Refining the Hearing Aids

Although the invention of the hearing aid was a great achievement, and was very impressive for people at the time, the early designs were far from perfect. Hutchison experimented with several different methods of converting sound to signals that could be picked up by someone with hearing loss and produced the Akou-massage and the Akoulalion. These were more effective in people with more serious hearing impairment as they amplified the sound waves into stronger vibrations. Both types of hearing aid were used extensively in America and further afield in Europe, in deaf schools.

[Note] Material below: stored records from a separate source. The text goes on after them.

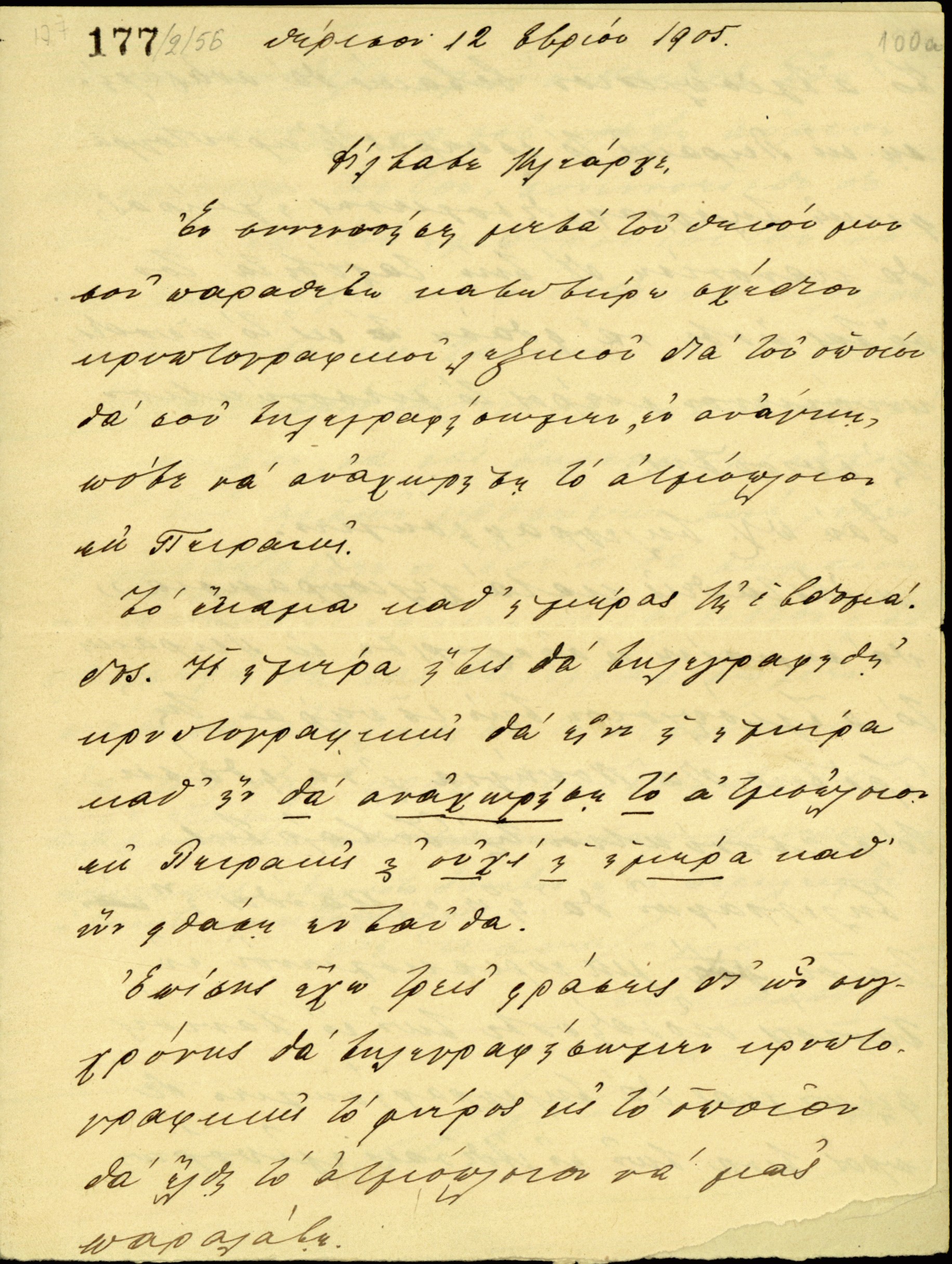 | ΤΙΤΛΟΣ | Επιστολή του Γ. Πλουμίδη σχετικά με το ζήτημα της άσκησης του ελέγχου από τις Δυνάμεις. |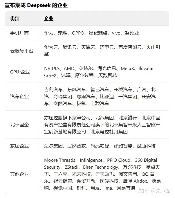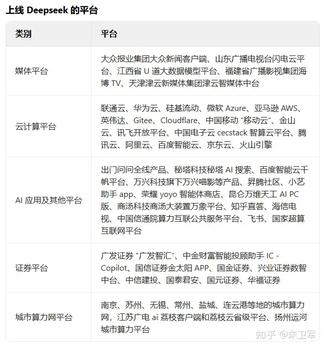为什么说DeepSeek是平台型应用?你想想看,从25年春节到现在才一个月不到,宣布上线或集成DeepSeek的公司不下数百家,上到国家数据平台,下到地方算力中心,从互联网企业到三大运营商,从手机厂商到汽车制造业,都在上赶着宣布与DeepSeek合作,这种盛况,连当年的微信、苹果初代机也望尘莫及啊。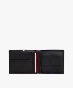 This slender leather wallet with an elevated finish and signature flair has separate spaces for coins, cards and notes.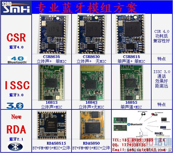 蓝牙4.0 模组方案提供商,CSR4.0系列, RDA方案 集成 蓝牙+MP3+收音+AUX一体方案,性价比高,外围电路极其简单,适用性强。 18589093089 王R QQ:1274338136

Hutchison’s Invention Portfolio

In addition to the hearing aid, Hutchison also invented the klaxon horn, the first electronic warning horn used on cars in the increasingly busy streets of New York where he lived during his later life. He used three of these klaxon horns on a limousine that he had built to incorporate all of his new inventions, including an intercom system that he could use to speak to his chauffeur without opening the dividing panel in the car. It was one of the first cars with electric headlights and that also had interior lights that came on when he opened the door. His connection with British royalty also continued and his company made a klaxon for the royal car, gold plated, of course.

Hutchison also expanded into inventions relevant to sea and air travel. He designed the first tachometer that could give an accurate reading of the speed of a steam ship, whether it was going forwards or was in reverse. Later in life, after his son died in an aeroplane accident, Hutchison developed the first oxygen sensor for use by a pilot to reduce the amount of carbon monoxide produced during air travel.

Achieving his Childhood Ambition

In his thirties, Hutchison achieved his childhood dream and became chief engineer for Thomas Edison between 1912 and 1918. During his time with Edison, Hutchison made the first telephone call from the USA to Europe – an address that was recorded and that still exists today. He was also a major driving force behind the appointment of Edison as the US Naval Consulting Board President, an organisation that reviewed inventions that could be useful for American defence.